Skip to content

WSG-scale floodplain pipeline: multi-AOI iteration + memory + intermediate storage #35

@NewGraphEnvironment

Description

@NewGraphEnvironment

Problem

flooded today operates on a single in-memory DEM + single stream network in one pass. wedzin's pipeline (restoration_wedzin_kwa_2024/scripts/floodplain_lcc/02_floodplain_model.R:133-180) runs one watershed (Neexdzii Kwa, FWA bladindex hardcoded at line 45) and loops over scenarios — manageable for a small AOI.

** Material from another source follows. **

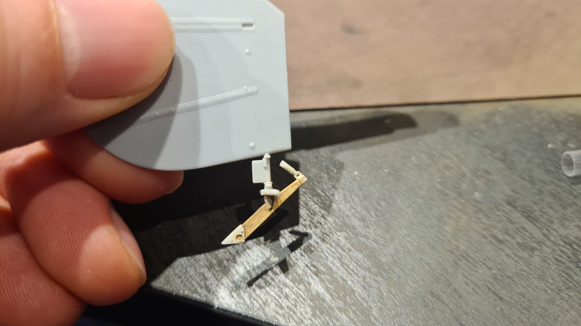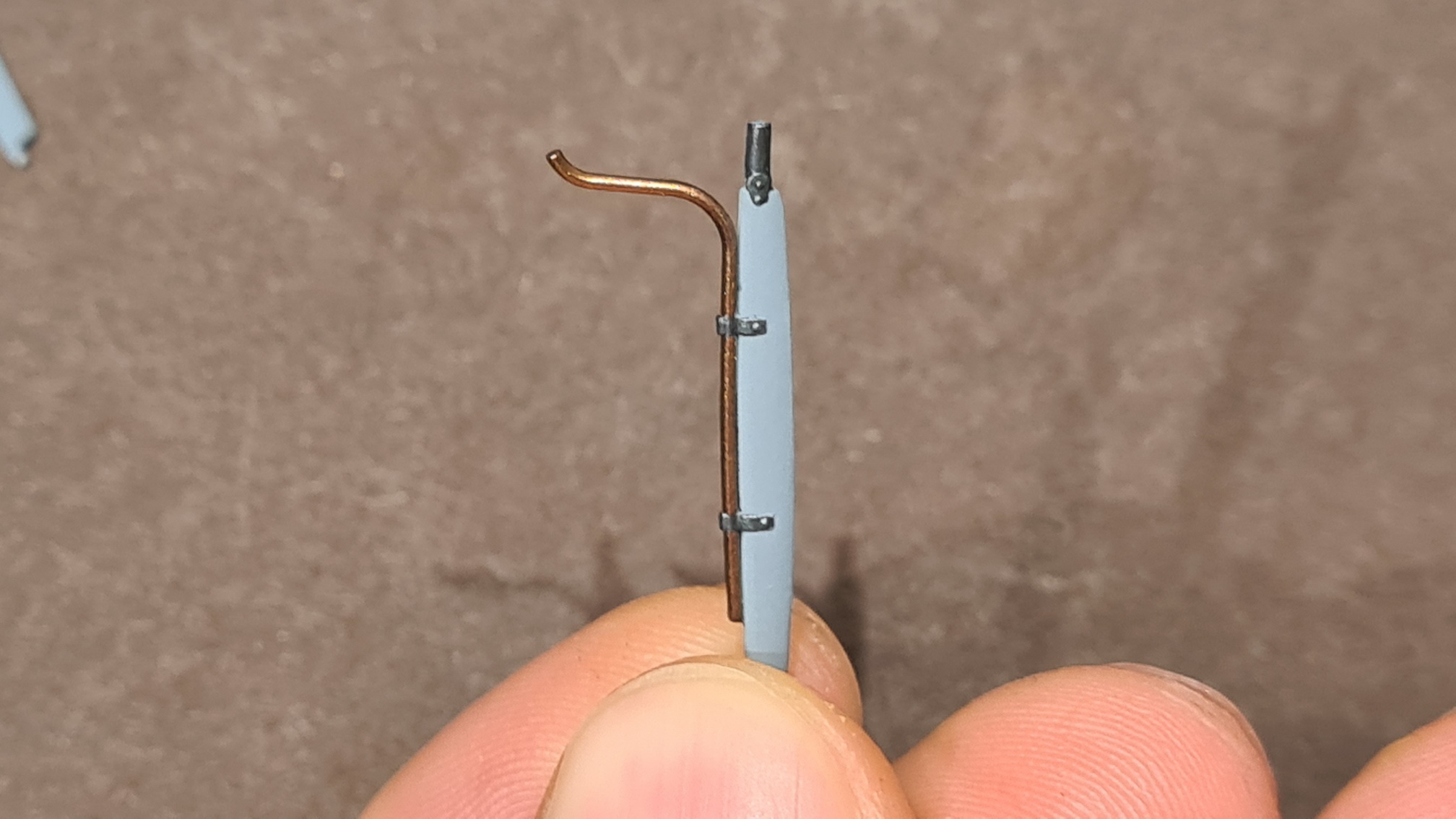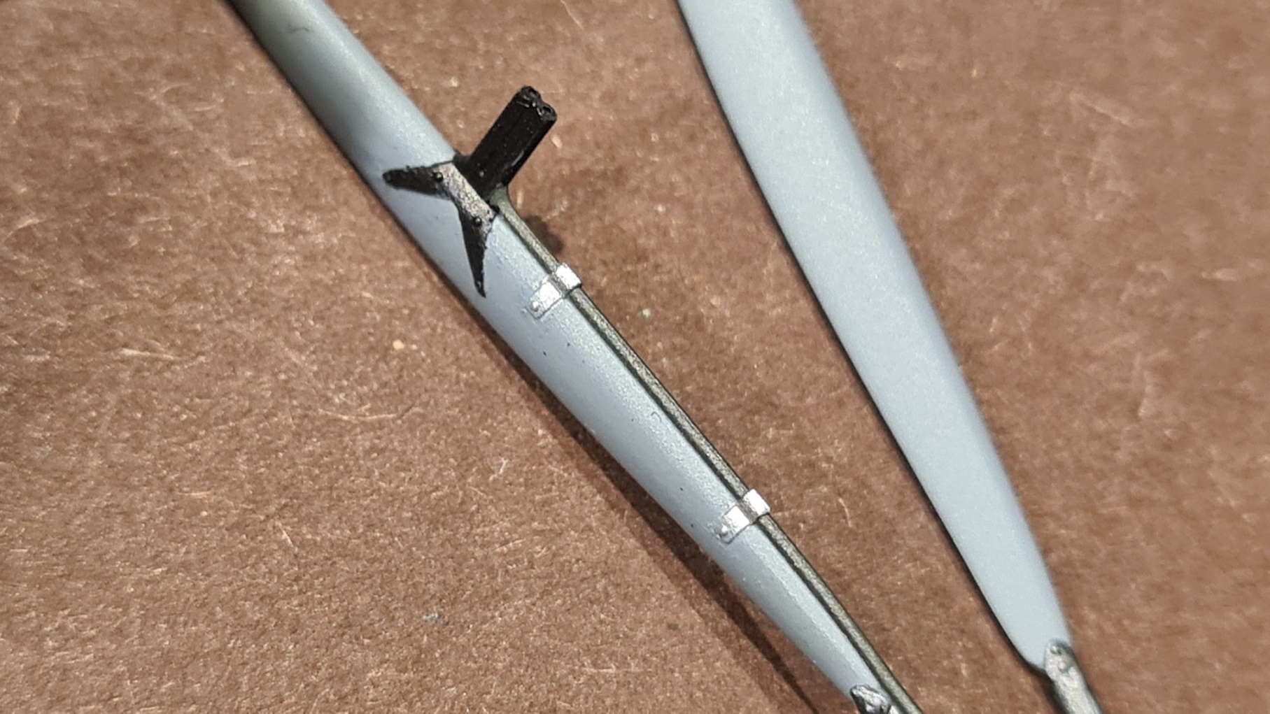 Folgende Stütze enthält das Pitot-Rohr. Samt Anschlußleitung. Ist ein Spritzling, also sorgfältig abkleben. Die kleinen Spitzen waren mir im Bausatz etwas zu dick (kein Foto), die wurden abgetrennt. Ganz zum Schluss werde ich hier noch kleine Drähtchen einkleben. Löcher wurden vorgebohrt.

Scaling to FWCP peace WSG-wide (Pars to start, then more) means:

  • Multiple AOIs (per WSG, then sub-basins per WSG via fresh::frs_watershed_split driven by break_points.csv)
  • Each AOI's DEM may be too large to hold + process simultaneously
  • Intermediate rasters need on-disk storage strategy (per-AOI dirs? naming convention?)
  • Per-scenario output must remain attributable to AOI

Wedzin uses terra::terraOptions(threads = 12) (line 40) for within-call parallelism. No outer multi-AOI loop, no chunking inside fl_valley_confine(), no resumability. Manual spatial cropping to stream extent + 2 km buffer (lines 105-107) is the only memory mitigation.

Proposed Solution

Decisions called out as options where the right shape isn't obvious yet:

a. API shape

Lean: vignette pattern + small helpers, not a god-function.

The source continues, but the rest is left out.